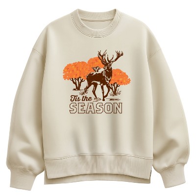 Women's - Instant Message - Tis the Season Fall Deer Oversized Fleece Crew Sweatshirt
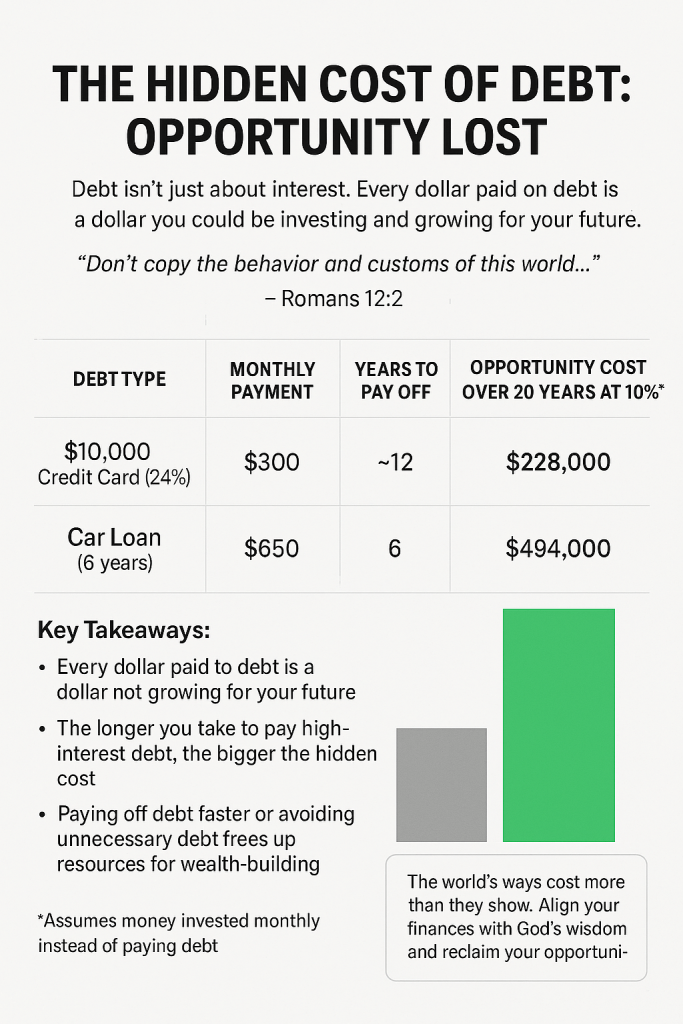 When it comes to money, this verse has profound implications. Many people focus only on the obvious cost of debt—the interest—but fail to see the hidden cost: the opportunities they sacrifice while making payments. Every dollar spent servicing debt is a dollar that cannot be invested, saved, or used to grow one’s financial future. Over time, the opportunity cost of debt can far exceed the interest itself, limiting your ability to build wealth, prepare for emergencies, or pursue life-giving goals.
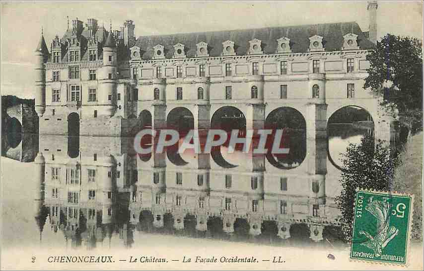 Old Postcard Chateau Chenonceau The West Facade

══════════

Restate word for word only the lines that run from the line holding "When it comes" to the end of the data, both ends kept, leaving every picture out.

 When it comes to money, this verse has profound implications. Many people focus only on the obvious cost of debt—the interest—but fail to see the hidden cost: the opportunities they sacrifice while making payments. Every dollar spent servicing debt is a dollar that cannot be invested, saved, or used to grow one’s financial future. Over time, the opportunity cost of debt can far exceed the interest itself, limiting your ability to build wealth, prepare for emergencies, or pursue life-giving goals.
 Old Postcard Chateau Chenonceau The West Facade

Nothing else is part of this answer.